*YOUR INSTRUCTIONS*: When you reach the line containing "Marvin Akers (#8)", repeat that line and each one after it exactly until the records end, leaving out pictures.

# # # # # # #

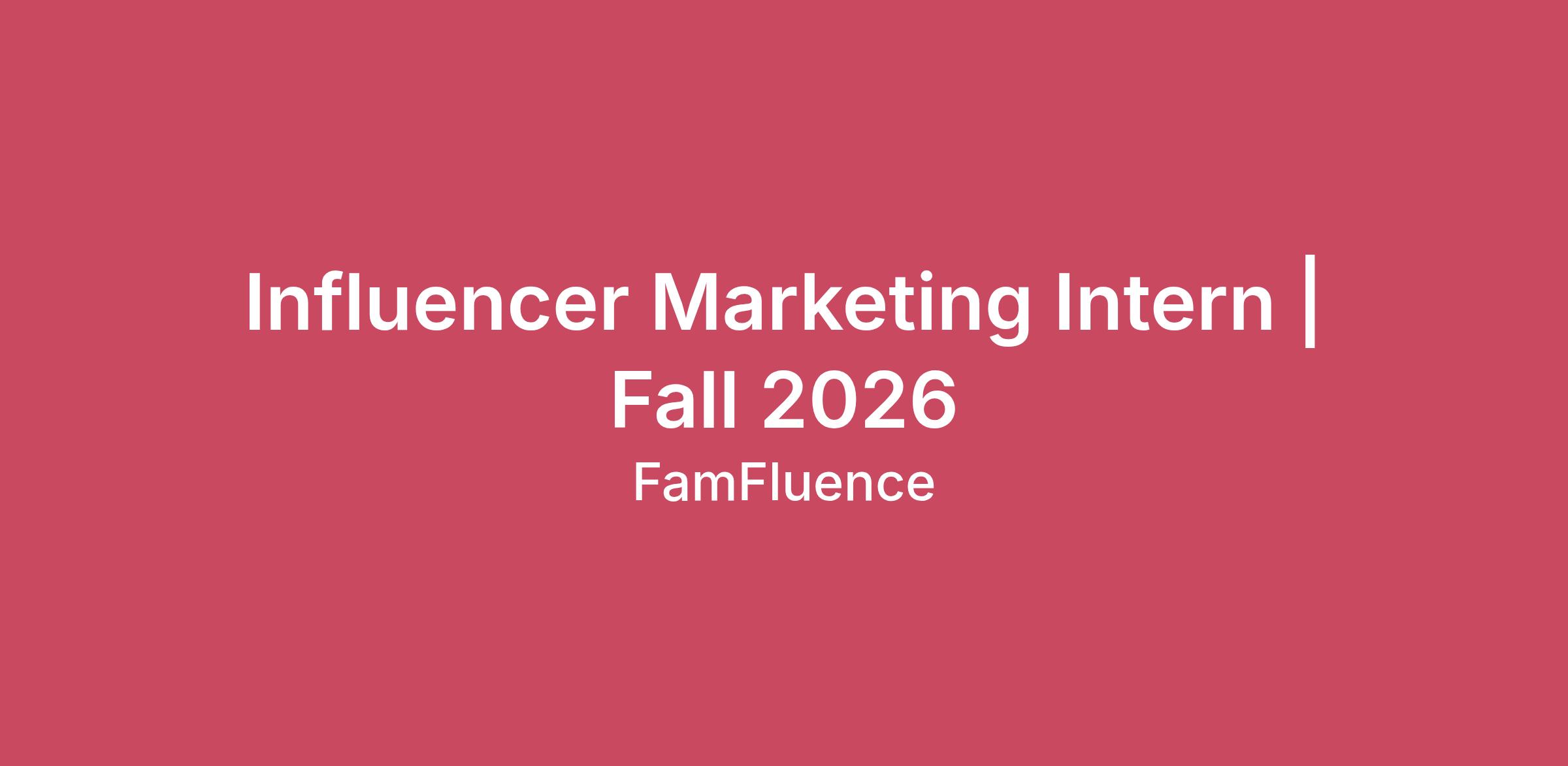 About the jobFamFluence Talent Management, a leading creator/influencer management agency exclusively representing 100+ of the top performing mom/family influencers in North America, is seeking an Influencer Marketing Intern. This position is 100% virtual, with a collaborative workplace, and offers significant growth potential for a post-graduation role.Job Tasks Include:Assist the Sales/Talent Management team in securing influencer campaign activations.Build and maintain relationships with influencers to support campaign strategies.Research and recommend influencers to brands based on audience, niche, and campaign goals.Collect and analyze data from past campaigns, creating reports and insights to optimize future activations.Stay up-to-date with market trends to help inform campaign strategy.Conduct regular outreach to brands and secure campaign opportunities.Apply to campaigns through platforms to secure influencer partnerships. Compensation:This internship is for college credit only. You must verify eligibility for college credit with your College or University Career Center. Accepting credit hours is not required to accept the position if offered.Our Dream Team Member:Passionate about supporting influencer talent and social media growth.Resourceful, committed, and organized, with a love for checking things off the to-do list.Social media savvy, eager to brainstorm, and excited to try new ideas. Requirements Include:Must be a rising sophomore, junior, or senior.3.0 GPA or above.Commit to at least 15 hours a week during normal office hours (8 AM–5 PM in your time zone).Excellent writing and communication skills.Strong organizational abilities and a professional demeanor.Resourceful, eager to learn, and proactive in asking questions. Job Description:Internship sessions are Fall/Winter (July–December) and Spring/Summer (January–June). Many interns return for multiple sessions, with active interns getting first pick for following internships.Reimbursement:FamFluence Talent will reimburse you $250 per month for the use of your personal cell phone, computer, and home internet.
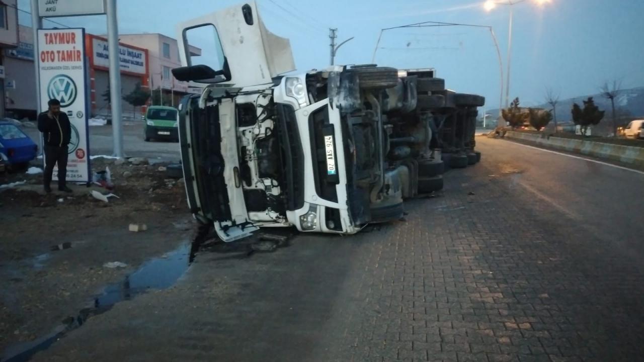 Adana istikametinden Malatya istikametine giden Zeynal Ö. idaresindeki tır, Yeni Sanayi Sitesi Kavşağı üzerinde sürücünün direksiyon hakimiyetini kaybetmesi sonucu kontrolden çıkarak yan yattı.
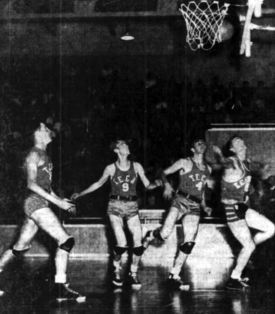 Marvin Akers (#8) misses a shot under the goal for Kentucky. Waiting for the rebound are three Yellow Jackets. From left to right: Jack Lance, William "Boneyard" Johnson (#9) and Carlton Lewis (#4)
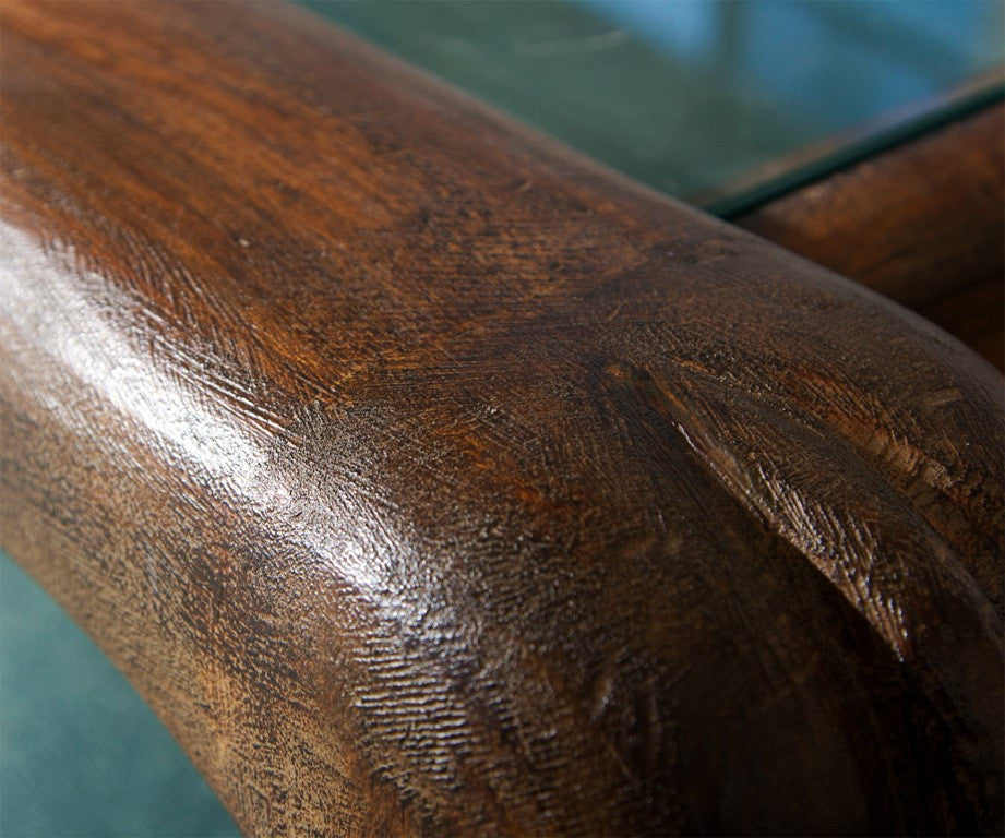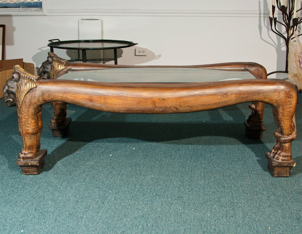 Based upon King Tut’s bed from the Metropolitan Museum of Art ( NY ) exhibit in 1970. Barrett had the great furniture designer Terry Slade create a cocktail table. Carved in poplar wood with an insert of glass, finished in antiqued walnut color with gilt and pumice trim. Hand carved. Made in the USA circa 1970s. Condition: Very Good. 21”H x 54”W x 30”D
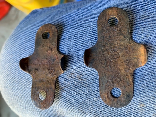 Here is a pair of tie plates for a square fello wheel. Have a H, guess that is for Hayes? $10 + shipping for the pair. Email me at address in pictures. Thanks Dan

# # # # # # #

*ANSWER BELOW*:
 Marvin Akers (#8) misses a shot under the goal for Kentucky. Waiting for the rebound are three Yellow Jackets. From left to right: Jack Lance, William "Boneyard" Johnson (#9) and Carlton Lewis (#4)
 Based upon King Tut’s bed from the Metropolitan Museum of Art ( NY ) exhibit in 1970. Barrett had the great furniture designer Terry Slade create a cocktail table. Carved in poplar wood with an insert of glass, finished in antiqued walnut color with gilt and pumice trim. Hand carved. Made in the USA circa 1970s. Condition: Very Good. 21”H x 54”W x 30”D
 Here is a pair of tie plates for a square fello wheel. Have a H, guess that is for Hayes? $10 + shipping for the pair. Email me at address in pictures. Thanks Dan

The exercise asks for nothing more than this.